According to the Government, the key focus for the UK’s G8 Presidency is on “...advancing trade...and promoting greater transparency, in order to drive lasting global prosperity.” The Government has also given development a significant place on the agenda and hosted a Hunger Summit in advance of the main G8 Summit itself. This has been welcomed by the Enough Food IF Campaign which is calling for the G8 to make strides towards a world free from hunger by introducing essential reforms.
But what does global prosperity mean? The term prosperity is often just used to mean a measure of economic progress but it can also convey health, happiness and a spiritual dimension. For me a world devoid of wildlife could not be prosperous. The production and trade of food has a profound effect on our natural environment. In some cases, trade can help alleviate pressure on the natural environment. In other cases, it is threatening the future of important species and habitats, and depleting natural resources. Yet the complexity of the global food system makes it incredibly difficult to figure out the environmental impact of our everyday purchases.
Unravelling this complexity in order to design policies which will deliver a more sustainable and secure food system is no easy task. However, it is clear that future trade reforms cannot afford to ignore the issue of sustainability (Foresight, 2010). Long-term we need robust environmental regulations/safeguards which protect natural habitats and wild species built into trade agreements. –According to a recent UNEP report ‘sustainable trade has the potential to maintain or increase agricultural output in the medium- and long-term while reducing resource use, preserving the natural environment and promoting food security. Sustainable trade – such as trade in certified products or in environmental goods and services – is on the rise in absolute terms, but remains a tiny fraction of total world trade’. A key to delivery will be transparency and traceability within the supply chain so we know what we are getting and how and where it has been produced.
But the need for change goes beyond just the way we trade food. The weight of evidence for the need to change our global food system is irrefutable and action is needed now to shape a more sustainable approach for the future. Many of these actions could be kicked off immediately.
The recent DFID select committee report on Global Food Security makes a number of helpful recommendations aimed at tackling world hunger. It highlighted that the amount of food available for human consumption could be greatly increased by revising biofuel targets to exclude agriculturally produced biofuels. It also joined the chorus of voices on the need to tackle food waste.
Perhaps most importantly the committee recognised the need for the UK to reduce meat consumption. Once a provocative idea, the fact that a government committee is calling for a reduction in meat consumption to help tackle future food security is a real step forward (happily this particular policy initiative would also help tackle health concerns!).

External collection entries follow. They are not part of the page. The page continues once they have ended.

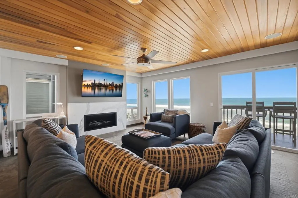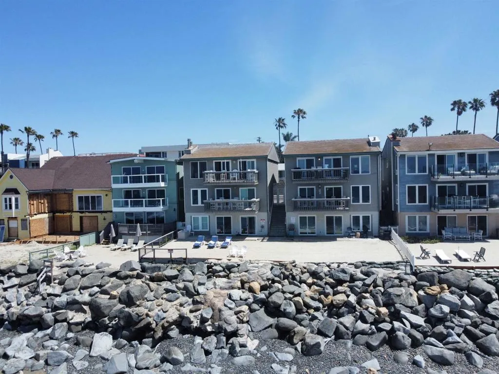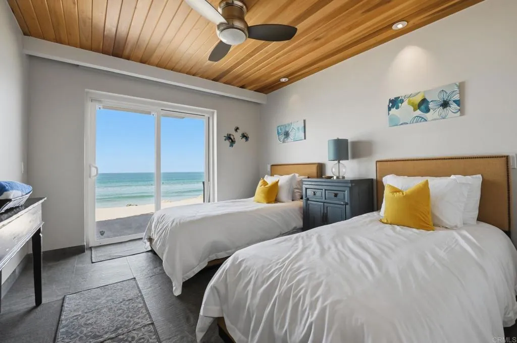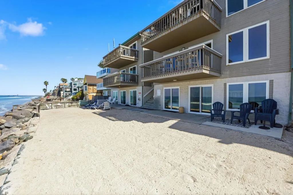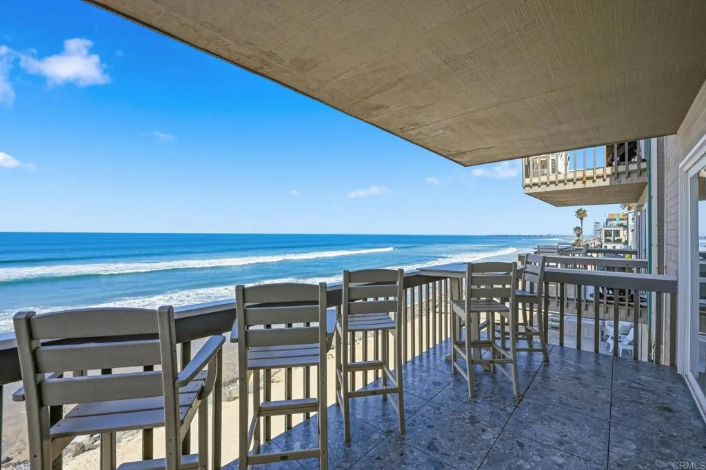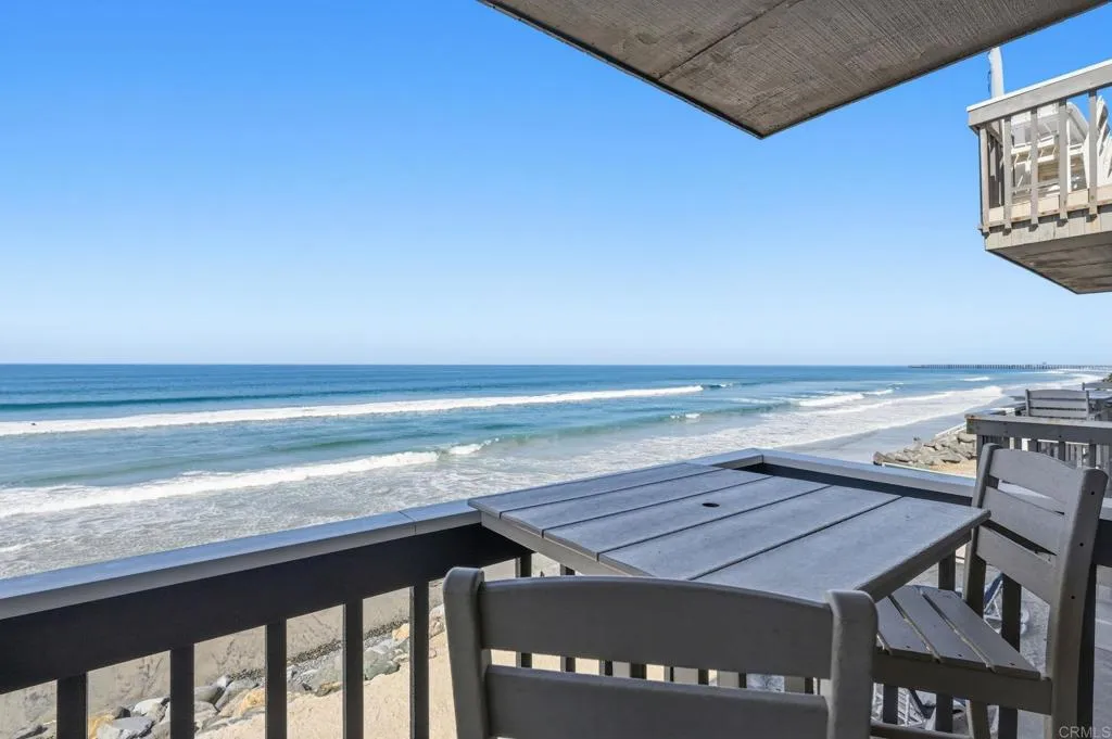 Oceanfront luxury with panoramic ocean views & direct access to a private beach. Step out your doors onto sand! Beautifully upgraded in a modern design with high end materials. Entry on the second floor to your oceanfront living room, beautiful open kitchen with custom cabinets, quartz counters, Thermador appliances & bar seating for 6, lava stone flooring, poplar wood ceilings, custom interior doors and curated accent art lighting. Step out onto the deck and see the surfers and dolphins play. There is a full bedroom and bathroom on the second floor allowing for guests that need no stairs. Down stairs you will find 2 bedrooms with sliders that open directly to a private beach and private patio. Large primary bedroom has lots of natural light flowing through the bedroom and bathroom. The primary shower has dual shower heads, a 3rd rain showerhead, quartz walls and river rock flooring, extensive built-in bamboo cabinets and a walk in closet with built ins. The private beach sits above the city beach below. The attached 2 car garage makes getting in and out a breeze and perfect for storing all your toys! Walk to popular coffee shops, restaurants and bars. Bike to the pier or harbor or just stay put on your private beach. Only 4 units in the complex. Weekly rentals are permitted.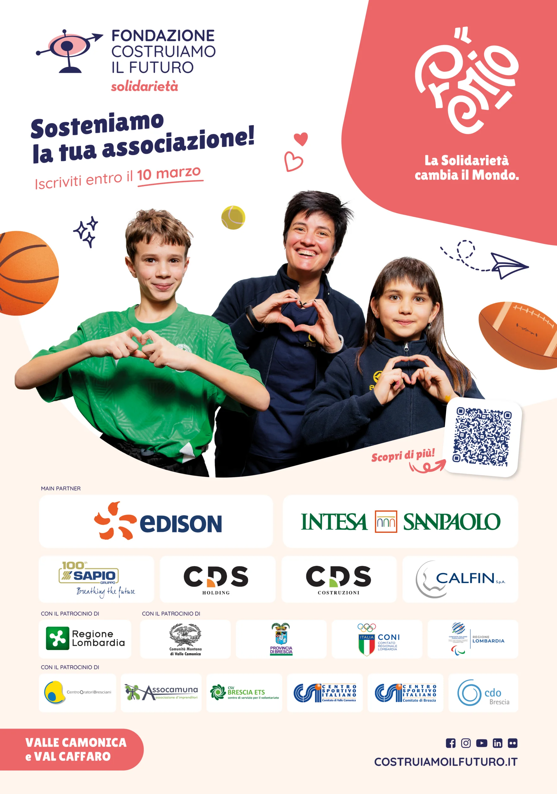 Il Premio Costruiamo il Futuro si rivolge alle piccole associazioni del territorio che operano in ambito sociale, sportivo, culturale e ambientale e alle società sportive dilettantistiche prettamente caratterizzate dal lavoro volontario, per premiarle con contributi in denaro fino a 5.000 euro o forniture di materiale tecnico sportivo.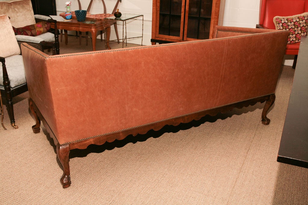 1940s Modern French Deco Floating Arm Sofa with Walnut and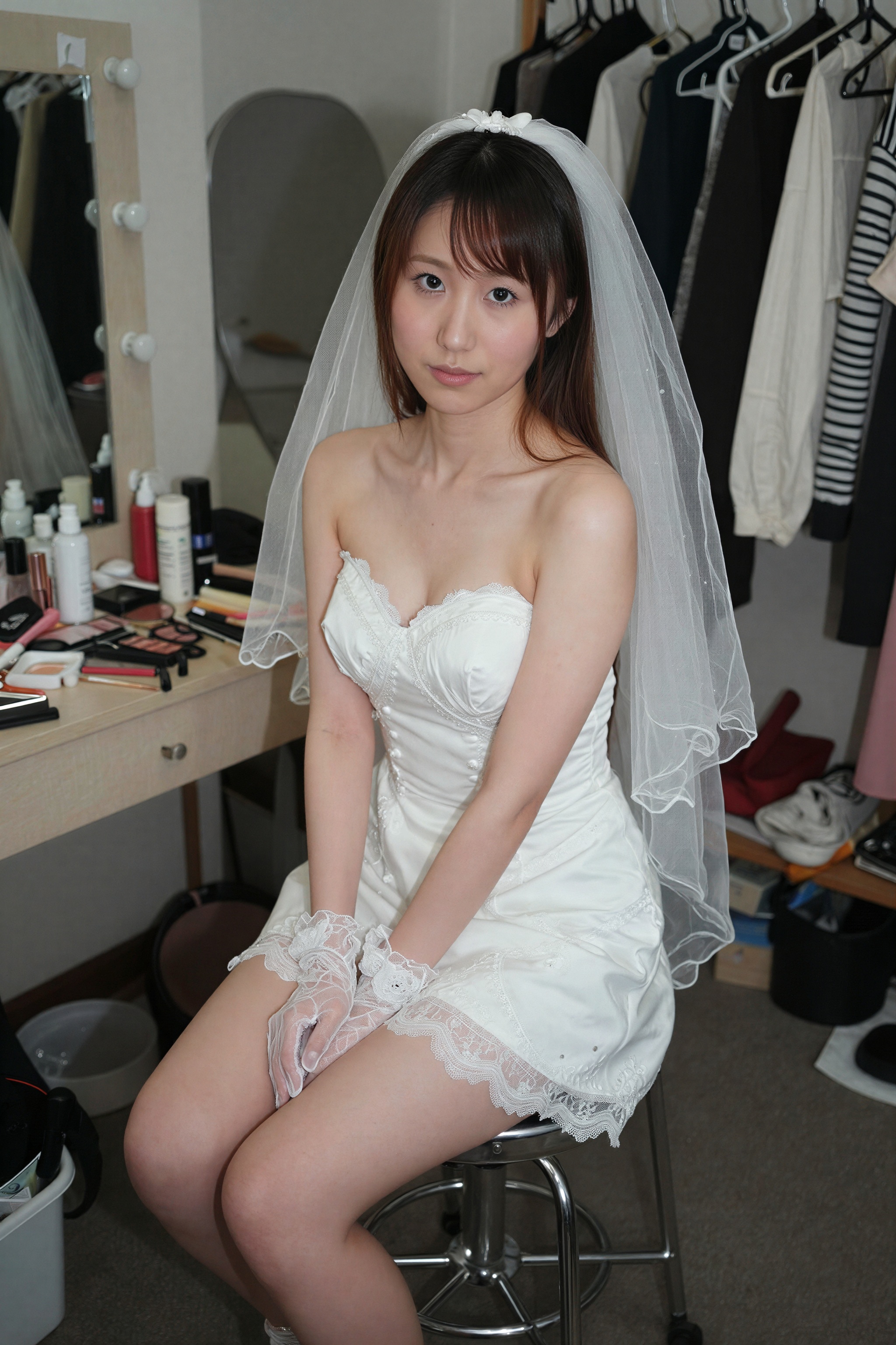 美しい日本人女性 若い日本人女性が、舞台裏の楽屋か寝室に似た薄暗く雑然とした部屋の金属製のスツールに座っており、周囲には洋服が掛けられ、化粧品やボトルが積まれた化粧台が置かれている。彼女は、裾と身頃に沿ってレースのディテールが施されたストラップレスの短い白いウェディングドレスを着ており、頭と肩に掛けられた白いベールと、手を覆う白いレースの手袋が組み合わされています。彼女のポーズは、リラックスしてい。。高画質でフリーのNightStock素材です。商用利用可能・クレジット表記不要。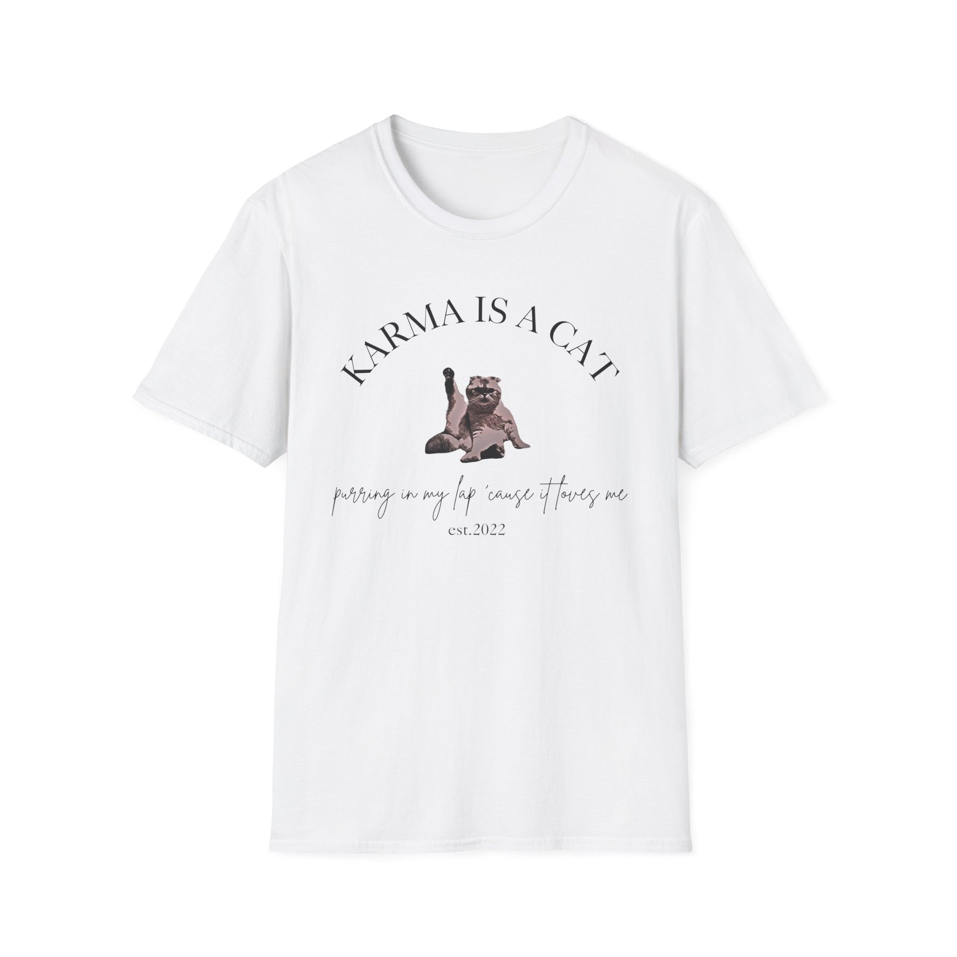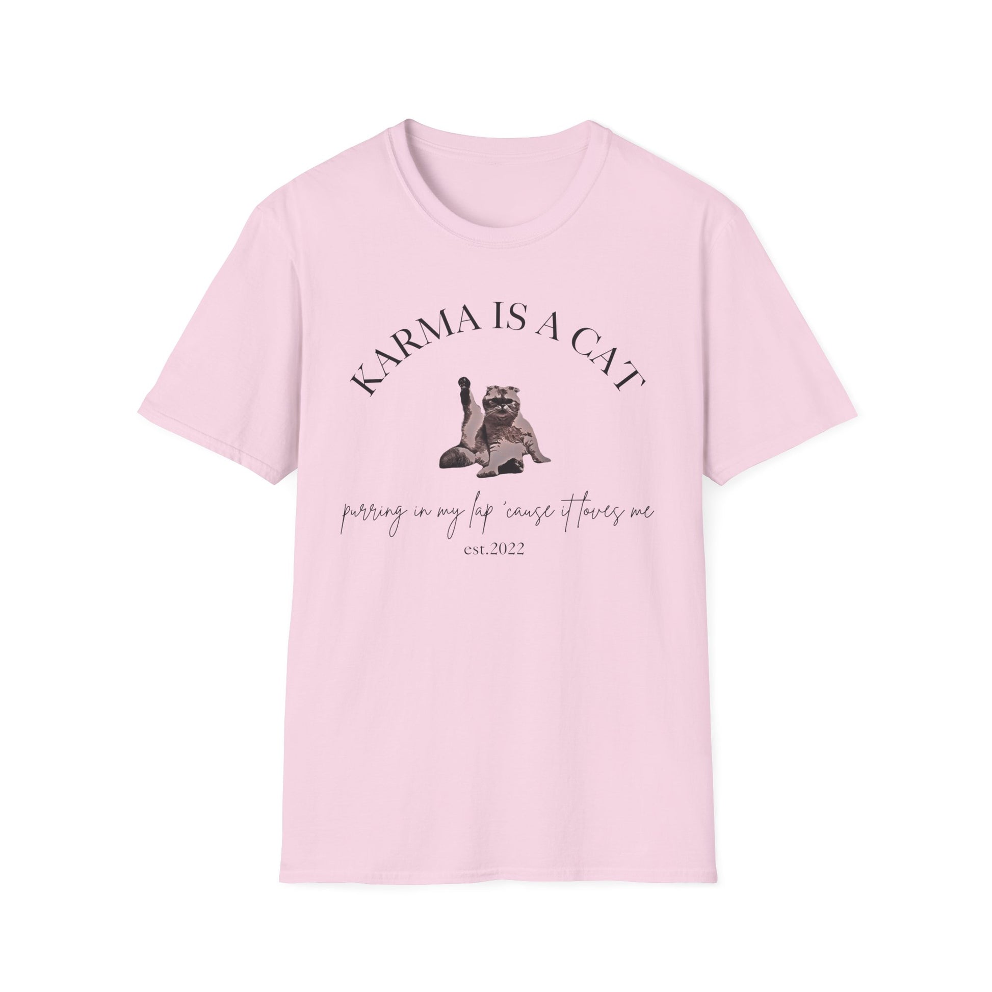 A fun Karma inspired TS tshirt pefect for TayTay fans, cat lovers, and anyone looking to add a touch of humor to their wardrobe. This t-shirt radiates a laid-back vibe that’s ideal for casual outings or cozy nights in. Picture wearing it during relaxed weekends, gatherings with friends, or lounging at home. It’s an excellent choice for those who appreciate a humorous touch and love to share their personality through clothing.

As we begin to reengineer our food system we can all make an impact as individuals by choosing the most sustainable options available. Making this choice is not always easy though and more work is needed to improve such schemes and make them easier to understand. Earlier this year, the report of the Ecosystems Market Task Force included, as one of its priority recommendations, a call for business “to explore and exploit untapped opportunities for rigorous and innovative nature-based certification and labelling that incorporate environmental protection”. The report made the point that, in order to be credible, such schemes must include rigorous standards and safeguards.
Creating demand for more sustainable products will play an important role alongside government regulation and other forms of public support in helping nature to thrive in a redesigned global food system.
Let us hope leaders of the G8 take inspiration from their surroundings at Lough Earne. Perhaps if they glance beyond the manicured lawns and catch a glimpse of the towering display fights of the redshank they will remind them of their responsibility for the natural world. Perhaps the gorgeous bubbling song of the curlew drifting in through the window will inspire them to think differently, factoring the natural world into their calculations to achieve a more prosperous future for people and wildlife.
"Really good website"
"Nice stand, informative and friendly staff."
Just some of the comments we've had on our stand at the Cereals event today. We're particularly pleased because these comments came from farmers looking at our brand new approach to farm advice. This falls into two complementary halves - direct advice for farmers in key target areas across the UK, and a suite of new resources for all farmers.
We've talked to farmers to find out how we can best support their conservation efforts, and this has helped us develop a new-look website at www.farmwildlife.info and a concise, easy-to-follow booklet which sets out the eight principles of conservation management on an arable farm.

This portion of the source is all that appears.